The last rule only matches traffic which is not already marked i.e. new conversations. This routing table, as can be seen in the previous section, has a multi-path route to balance traffic between the two routes out. Once a conversation is established the IPtables conntrack rules will mark the traffic and so one of the two fwmark rules will match.

Now delete the main default route so that the above rules don’t get bypassed with a route in the “main” table:

ip route del default

And that’s it. You should now have a router which splits the traffic fairly evenly across two internet connections and keeps tabs on which packets should go out of which routers. I’ve had this running for a month or so now, and it seems to be working fine. I’ve had the Pi lock up a couple of times, but I think that’s related to the USB gigabit ethernet adapter.

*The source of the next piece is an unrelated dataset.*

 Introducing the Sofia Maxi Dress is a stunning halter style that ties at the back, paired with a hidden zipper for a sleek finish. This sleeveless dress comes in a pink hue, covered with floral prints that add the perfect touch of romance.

Spreading interrupts across cores

Network cards have queues for tx and rx. Higher end cards will typically have more queues, but on the Pi the on-board NIC (which is actually connected via USB) has one for tx and one for rx, as do the VLAN interfaces and the PPP interfaces. Each of these queues has a CPU affinity and it seems that by default the queues all use the same CPU core.

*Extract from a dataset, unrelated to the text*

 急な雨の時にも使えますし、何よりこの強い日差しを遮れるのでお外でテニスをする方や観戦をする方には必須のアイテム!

When downloading an ISO with BitTorrent and the load-balancing set up I was able to achieve just over 10 MBytes a second. But the Pi became really unresponsive. Looking at top showed one CPU core maxed out in soft interrupts:

By adjusting the CPU affinity to spread these IRQs across multiple CPUs I squeeze out a tiny bit more network throughput, but more usefully the Pi remained responsive under heavy load.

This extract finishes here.